(RECORD SET)
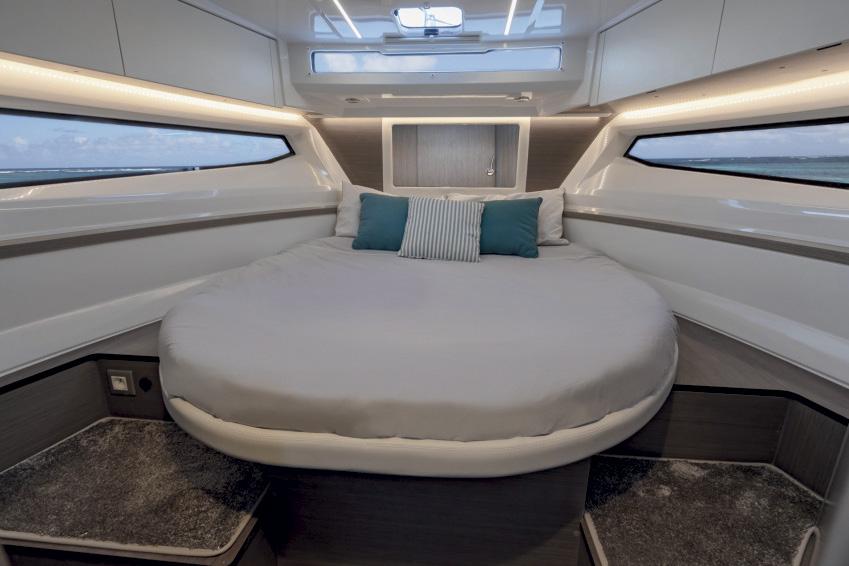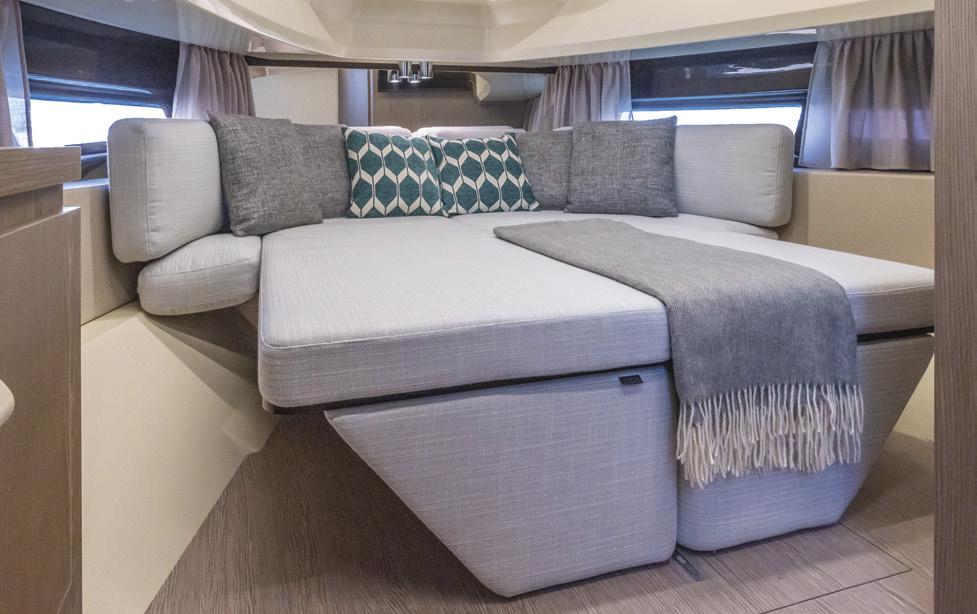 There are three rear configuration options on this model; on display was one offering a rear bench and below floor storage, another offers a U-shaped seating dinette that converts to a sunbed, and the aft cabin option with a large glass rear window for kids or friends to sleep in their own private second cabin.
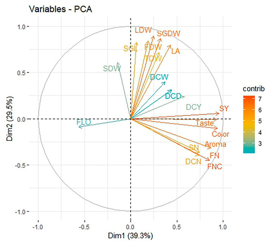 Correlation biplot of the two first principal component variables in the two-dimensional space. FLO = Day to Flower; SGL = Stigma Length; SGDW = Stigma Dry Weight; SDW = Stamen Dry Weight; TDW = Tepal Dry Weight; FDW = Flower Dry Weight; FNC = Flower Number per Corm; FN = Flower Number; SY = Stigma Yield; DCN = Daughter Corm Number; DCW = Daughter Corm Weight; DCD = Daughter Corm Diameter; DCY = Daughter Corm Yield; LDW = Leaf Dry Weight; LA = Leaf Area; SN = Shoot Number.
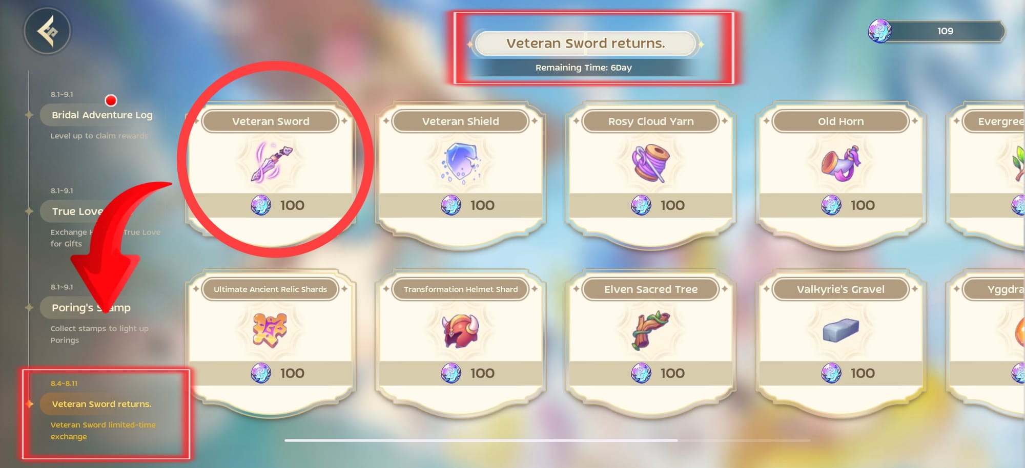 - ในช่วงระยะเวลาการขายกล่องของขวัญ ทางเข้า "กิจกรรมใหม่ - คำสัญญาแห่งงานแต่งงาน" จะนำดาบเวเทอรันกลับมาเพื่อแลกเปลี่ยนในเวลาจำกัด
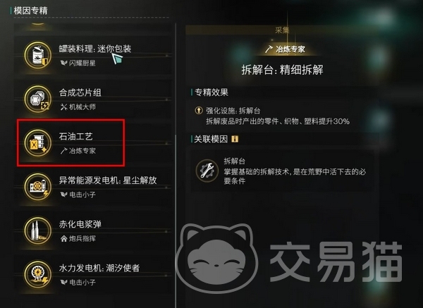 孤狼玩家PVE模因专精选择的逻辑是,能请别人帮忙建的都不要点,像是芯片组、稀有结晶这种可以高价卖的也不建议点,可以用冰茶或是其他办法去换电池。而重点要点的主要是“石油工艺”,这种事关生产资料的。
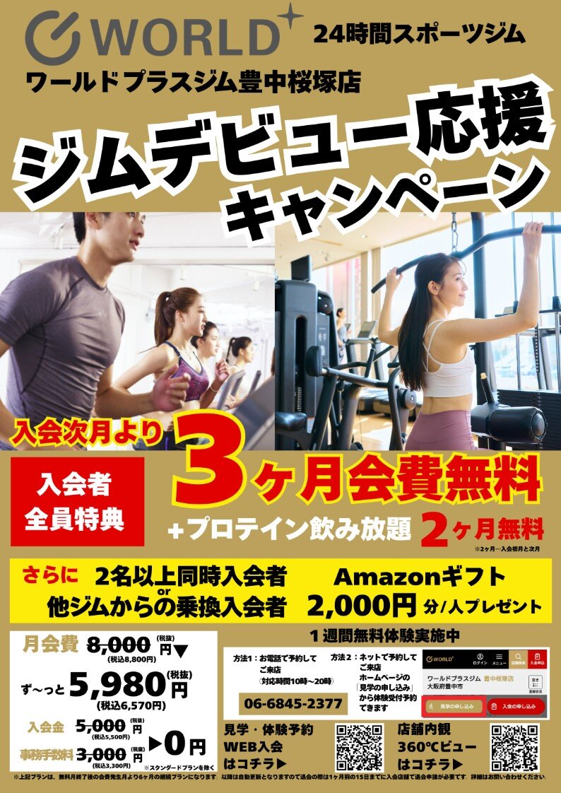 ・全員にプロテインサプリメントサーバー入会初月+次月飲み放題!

(WHAT TO PRODUCE) Please retype exactly the lines from the one containing "孤狼玩家PVE模因专精选择的" to the last line of the records above, both included, without any pictures.

(RESPONSE TO THIS TASK)
 孤狼玩家PVE模因专精选择的逻辑是,能请别人帮忙建的都不要点,像是芯片组、稀有结晶这种可以高价卖的也不建议点,可以用冰茶或是其他办法去换电池。而重点要点的主要是“石油工艺”,这种事关生产资料的。
 ・全員にプロテインサプリメントサーバー入会初月+次月飲み放題!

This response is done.